To be honest, I don't think she was cheating on you until you accused her of it. Your definition of cheating has been a sticking point throughout this discussion. You said she became quite angry when you told her that the contact she was having was cheating, in your estimation. It seemed to go downhill very quickly after that. It also seemed a very controlling statement and your request that she drop all contact with him also comes across as controlling.
If she has started cheating, and I agree that spending three hours in his apt is getting closer, then I honestly think it's because of the lines you crossed in your recent discussions.
The key word I used here is "emotionally cheating". I have never accused her of cheating. I would rather have her have sex with a random dude than have emotional feelings for someone.

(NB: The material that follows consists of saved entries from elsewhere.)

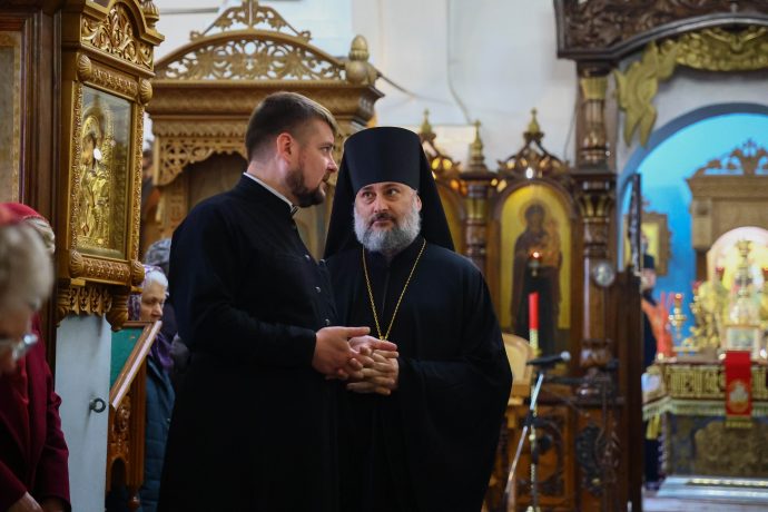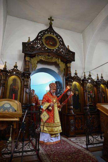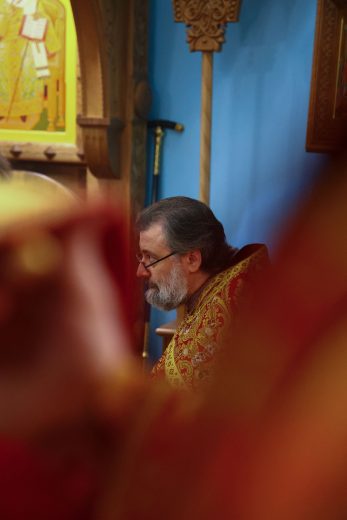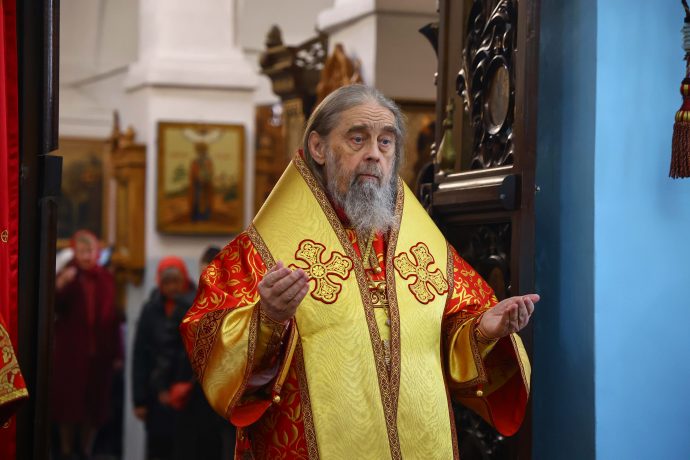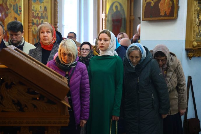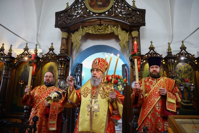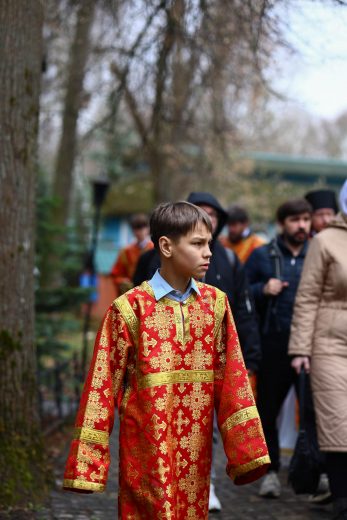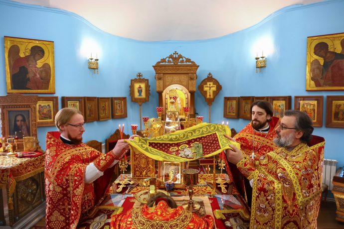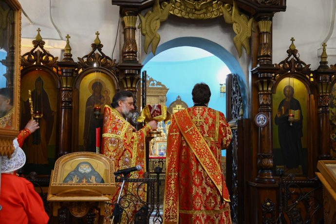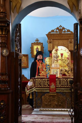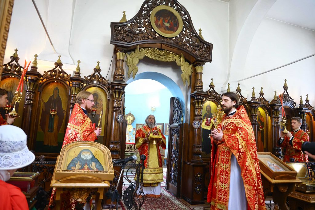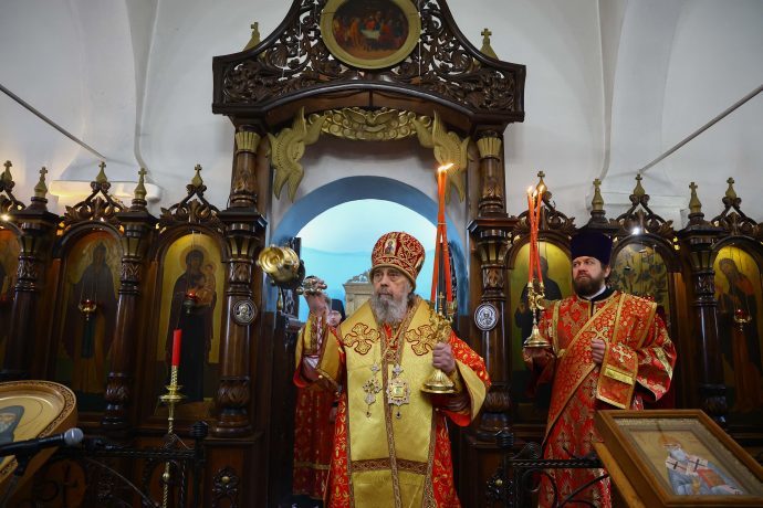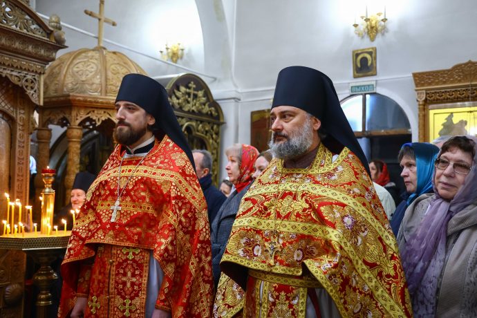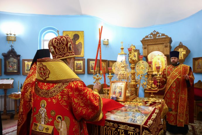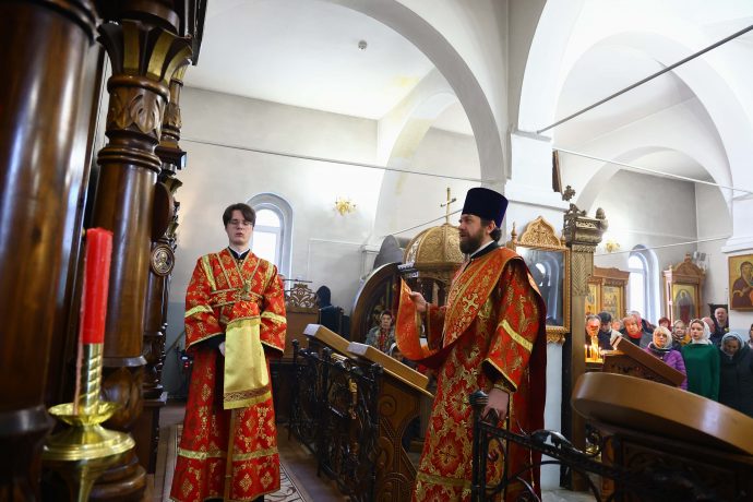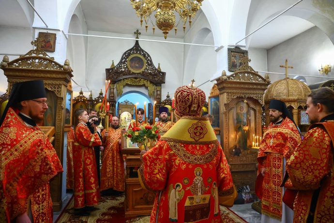 На сугубой ектении вознесены молитвы о благопоспешении христолюбивому Российскому воинству в установлении мира в сию лихую годину, на Святую Русь нашедшую, о мире на Украине, а также о сохранении единства святого Православия.
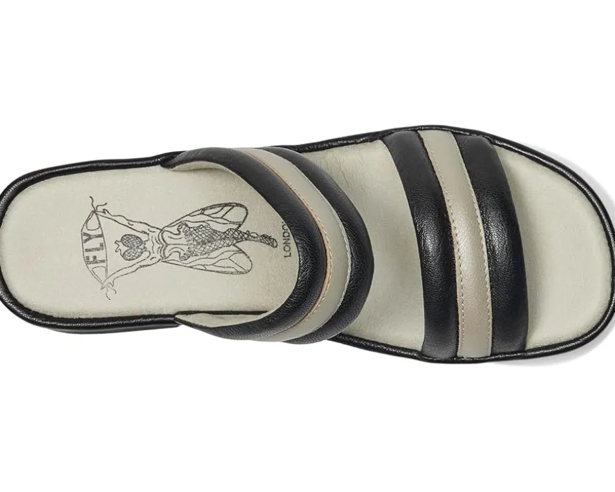 - The stitch-down construction of the FLY LONDON® EITY580FLY sandals allows for great flexibility. These heeled sandals are made of a foam insole and polyester lining. The soft leather upper is beautiful and the heel-to-toe padded insole, rounded toe shape, and flexible rubber outsole add comfort to your feet.
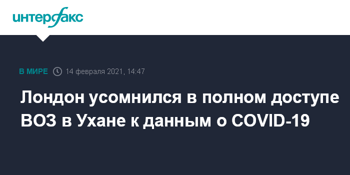 Москва. 14 февраля. INTERFAX.RU - Британские власти разделяют ранее звучавшие опасения по поводу того, обладала ли миссия Всемирной организации здравоохранения (ВОЗ) в китайском Ухане полным доступом к информации о начальной стадии пандемии коронавируса COVID-19, заявил в воскресенье глава МИД Великобритании Доминик Рааб.
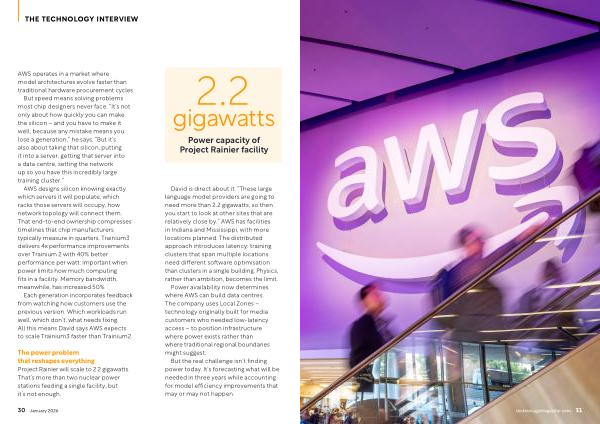 AWS operates in a market where model architectures evolve faster than traditional hardware procurement cycles. But speed means solving problems most chip designers never face.“ It’ s not only about how quickly you can make the silicon – and you have to make it well, because any mistake means you lose a generation,” he says.“ But it’ s also about taking that silicon, putting it into a server, getting that server into a data centre, setting the network up so you have this incredibly large training cluster.”

Also, I have been called alot of things in my life, but controlling has never been one of them. My wife thinks I am the complete opposite. She has told me point blank that I am not a controlling person in the past and has pointed out people who are and has said "I am so glad you a re not like him."
I know whatever happens, I will end up on my feet and find another woman who will most likely make me happier and believe it is God's will that this has happened.
How many of the people in this thread have had the person you love, emotionally cheat in you, tell you they are not in love with you anymore and generally show you no emotions and feelings in a matter of 3 weeks? Cause 3 weeks ago I was making love with my wife, she was begging me not to leave for work (I very occasionally travel and went through the work of throwing me a HUGE surprise party for my 30th. Now I cant kiss her or anything. Thats all I want to do. Is show her how much I can love her, But I get it, too little too late, I guess, It just seems so odd, but I know it is the situation i now have and just trying to get it together.
Any support would be appreciate rather than name calling, etc. Especially when you know nothing about me or the hell i have been through in my life. It almost seems as if god is testing me to see how much I can go through before I break.